Wow that's pretty amazing. I am only doing sysclk/2 for writes in my driver right now and the clock is nicely centered in the middle of the data. Perhaps it could be done higher with a capacitor, though it does seem a bit board dependent. Something to think about later...
It'll be the only reliable way. Notably, more so for reading data at speed. At the moment, reads at sysclock/1 have that crazy lagging slope that comes and goes at different frequencies.
- Orange traces are hyper clock pin at the accessory header, P24
- Blue traces are data bit#1 at the accessory header, P17
Data and Clock pins both registered, no accessory board:
Data and Clock pins both registered, unmodified accessory board:
Data and Clock pins both registered, 22 pF capacitor attached to hyper clock at accessory header, P24:
Clock pin unregistered, no accessory board:
Clock pin unregistered, unmodified accessory board:
Clock pin unregistered, 22 pF capacitor attached to hyper clock at accessory header, P24:
This last one has sufficient clock lag to provide the required data setup timing.
Since my 1990'ish, 40 MHz oscilloscope did perished long ago, flooded by Rio's moisty and salty atmosphere, every interface signal waveforms I can put my eyes on, acts like some refreshing eye drops.
At the former images, are you showing us data bit#1 (at the accessory header, P17), and HyperCk waveforms for a first-byte-write, within some generic word write cycle?
Am I understanding it right, or not?
P.S. Also, in case of writes, the more one can bring HyperCK leading and trailing edges centered with respect to databits, the better.
How stable is that over temperature ?
The new ISSI OctalRAMs have a pattern-read mode (ROM), which looks like it is intended to be used for PCB tuning, or driver-delay adjustments - a nice idea.
This is with both pins registered:
And this is with hyper clock pin unregistered:
It may have less variation than other solutions, which have large max-min spreads.
A cap ( and maybe some modest Series R) uses the P2 driver and PCB layout effects to move the edge.
Ah, ok! Now I understand why old eyes of mine did complained; seasoned brain too...
Even if the Hyper had a super-hyper PLL (wich it don't has), by closelly tracking HyperCK, it would be almost impossible for it to be able to deliver DQ just in time during Read cycles, as suggested by the images. So I've rulled out Read cycles.
Else, if it was RWDS, paired with any DQ, well... Exccelent layout and decoupling could perhaps explain why they appear to track that close. But you stated that they were CK and one of DQs.
Finally, even if it was a Write cycle, HyperCK would be wrong, due to absense of phase lag.
Misunderstanding did generated the question.
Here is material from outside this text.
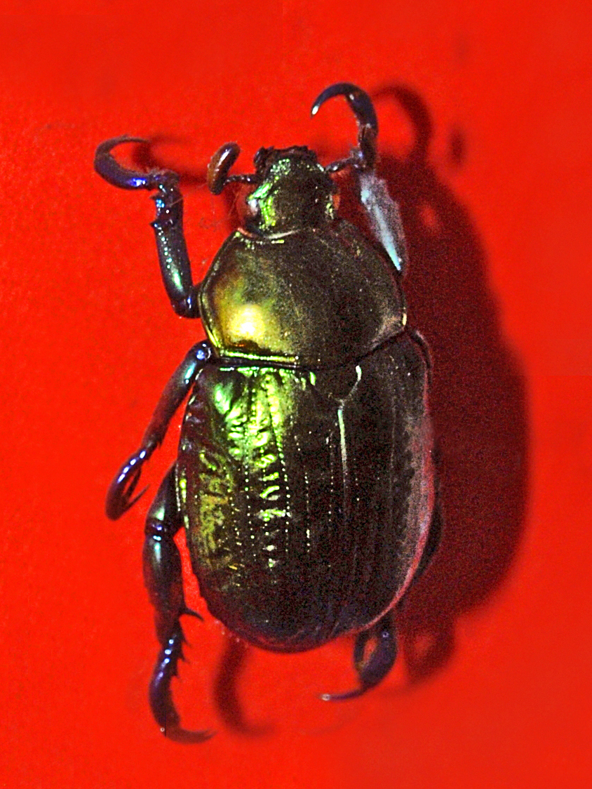 Museum specimen of Pelidnota sumptuosa. On display at the Museo Civico di Storia Naturale di Milano

Now, the exercise is clear to me. Thanks a lot!
I'm hoping that'll improve a lot with close layout between the Prop2 and HyperRAM on one specialised circuit board.
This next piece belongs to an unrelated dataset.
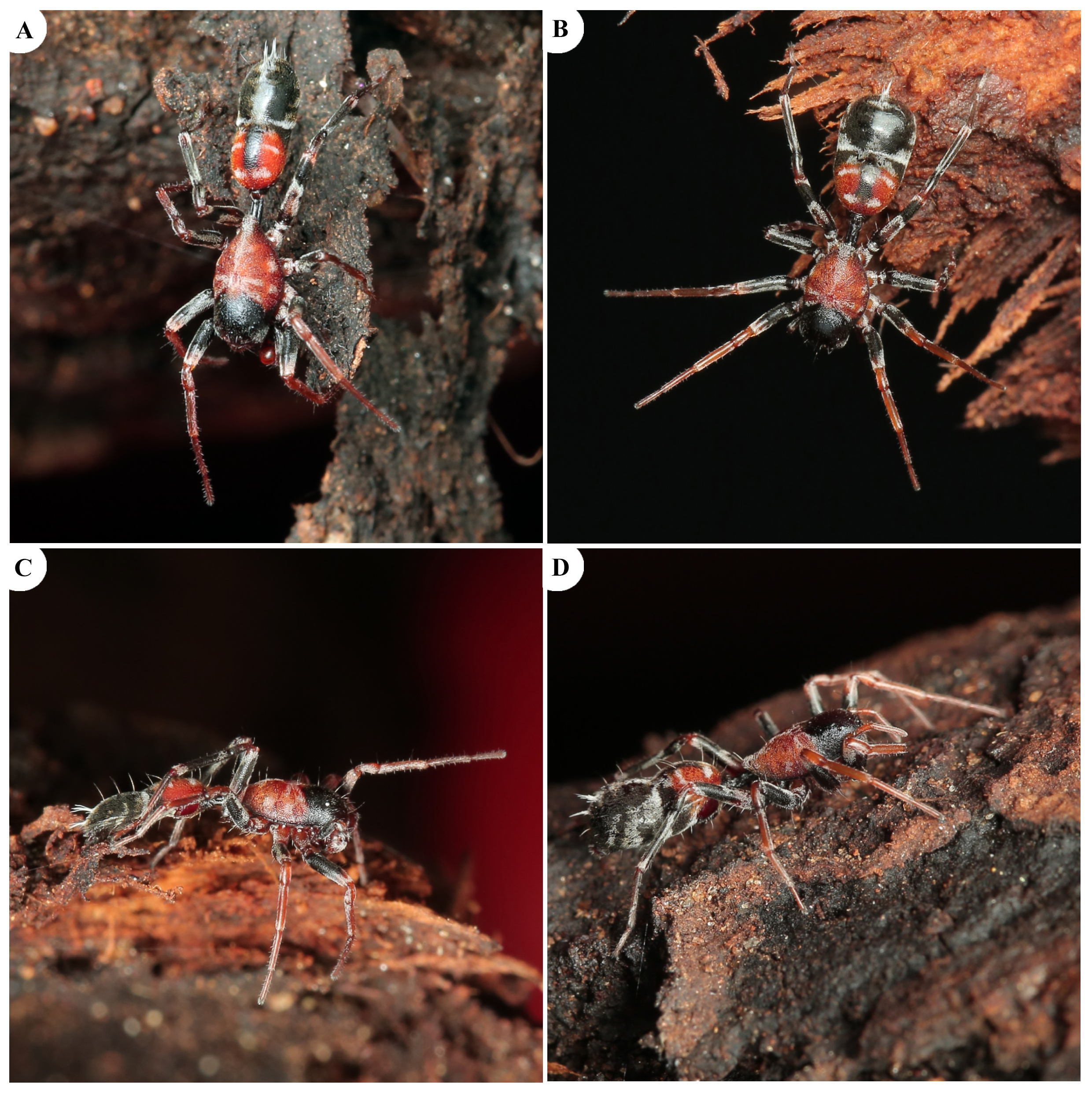 Aetius decollatus- A- male, B- female, C- male, lateral, D- female, lateral

Those charts Brian made were very useful. It appears there are a couple of frequency ranges where the timing differences between registered vs non-registered IO behaviour don't overlap very much. Around 88-92MHz and 228-232MHz look tight and could be frequencies bands to avoid with HyperRAM if there is a choice. How constant these charts are over temp/voltage/layout etc I don't know. But the good thing is the range 228-280MHz will cover the 252MHz/270MHz TDMS operation and the next range up from 268-308MHz will cover the handy frequency of 297MHz, which are all useful for video. Another sweet spot for video at 200MHz looks good too.